В письме от 2 января 1926 г. Цветаева пишет: «М. б. в Россию придется вернуться [к этому слову она делает примечание: „В случае переворота, не иначе, конечно!“ – В. Ш.] (именно придется, – совсем не хочу!)…»

Началось еще в Праге – с мечтаний Сергея Яковлевича. Я цитировала его письмо М. Волошину, где ему «чудится скорое возвращение в Россию»; этой надеждой он делился с Богенгардтами и Булгаковым. Эта надежда развивалась параллельно переоценке своего добровольческого прошлого – возможно, что именно она привела его к такой переоценке, а не наоборот. Эфрон стал активным евразийцем, через него Цветаеву связывали с евразийцами отношения чисто «домашние», как в Праге с журналом «Своими путями». Возможно, ей импонировала роль Сергея Яковлевича в кругу евразийцев. Она пропустила мимо сознания первую ласточку – вестницу несчастья: «Проф. Алексеев (и другие) утверждают, что С<ергей> Я<ковлевич> чекист и коммунист. Если встречу – боюсь себя... Проф. Алексеев ... негодяй, верьте мне, даром говорить не буду, – негодовала Цветаева в письме к Тесковой. – Я лично рада, что он уходит, но очень страдаю за С<ережу>, с его чистотой и жаром сердца. Он, не считая еще двух-трех, единственная моральная сила Евразийства. —Верьте мне. – Его так и зовут «Евразийская совесть», а проф. Карсавин о нем: «золотое дитя евразийства». Если вывезено будет – то на его плечах (костях)». В этом письме к Тесковой (начало 1929 года) Цветаева говорит о муже в том же тоне восторга и веры в его безупречность, какими наделила его в ранних стихах. Он действительно не стал еще ни коммунистом, ни чекистом, но вывезти на своих плечах дело евразийства Эфрону не было суждено.

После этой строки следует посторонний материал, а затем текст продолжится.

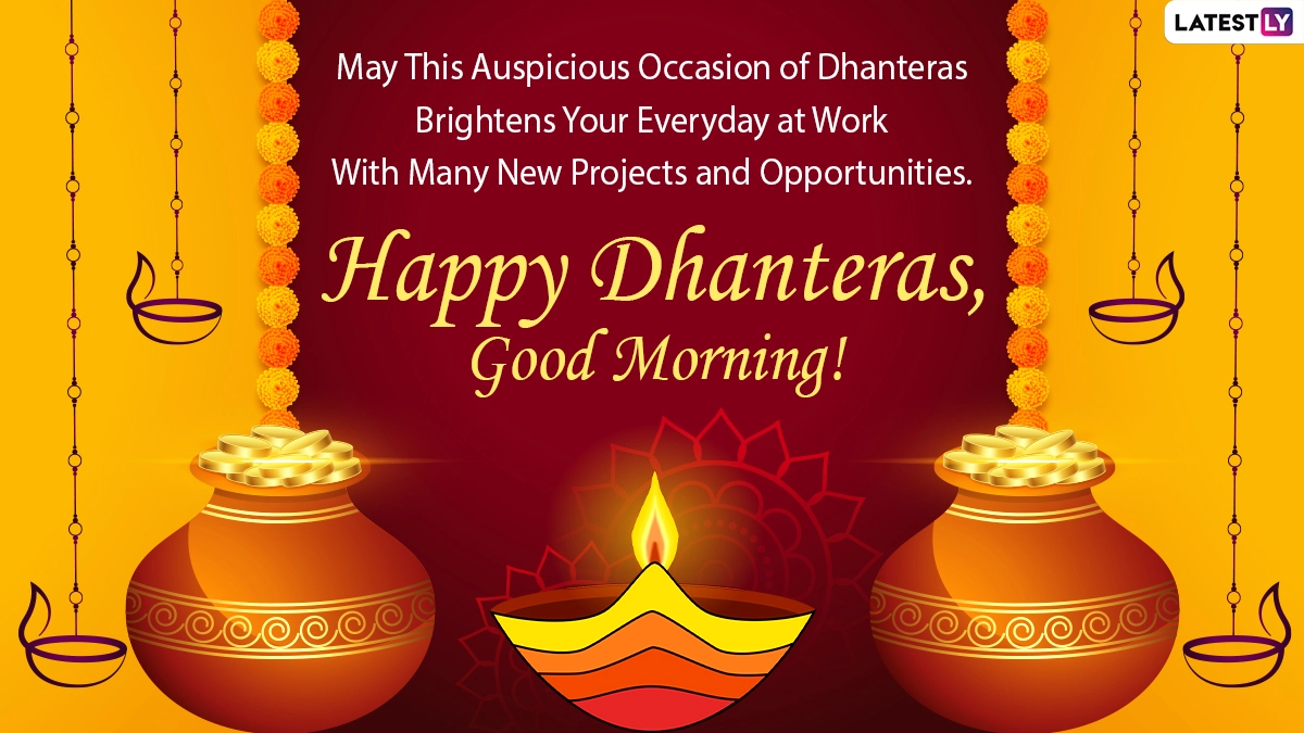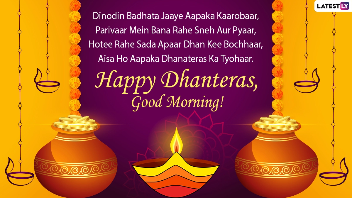 It is the Dhanteras 2020 morning, and we cannot contain our joy thinking Diwali, the ‘Festival of Lights’ is just a day away. We would like to wish everyone a very Happy Dhanteras on this beautiful morning. And just like us, you too should go ahead and wish your family and friends, Happy Dhanteras 2020 and Good Morning. Here’s a collection of Dhanteras Good Morning Images, Happy Dhanteras 2020 greetings, Good Morning HD Images, Good Morning text messages, Happy Dhanatrayodashi WhatsApp Stickers, Good Morning GIFs, Dhanteras SMS in Hindi and English, and more.

Любовь к родине, чувство вины перед нею («мы воевали против своего народа») в конце концов сделали Эфрона чекистом. Произошло это не сразу. К. Б. Родзевич, прошедший примерно тот же путь, говорил мне с нескрываемым чувством превосходства, что «Сережа» не был создан для столь сложного и опасного дела, что он был слишком слаб для него. Я же склонна согласиться с Цветаевой: он был для него слишком чист и нерасчетлив. В конце двадцатых или в начале тридцатых годов в парижскую группу евразийцев начали проникать советские агенты, направлявшие действия организации и субсидировавшие ее. Родзевич утверждает, что Эфрона «запутали» и «завербовали». Его невозможно было запугать, скорее всего, его «купили» обещанием помочь вернуться в Россию. Слова «вернуться на родину» для него уже были магическими. Он стал одним из организаторов парижского Союза возвращения на родину. С той же убежденностью, с какой он когда-то воевал в Белой армии, теперь он «служил России» в Союзе возвращенцев. Знал ли он, что работает на НКВД? Некоторое время не знал. Это подтверждается историей С. Л. Войцеховского, бывшего связным «Треста» и узнавшего, на кого служил, только после «саморазоблачения» «Треста» [205] .

205

См. его кн.: Войцеховский С. Л. Трест. Воспоминания и документы. Лондон, Канада: Заря, 1974.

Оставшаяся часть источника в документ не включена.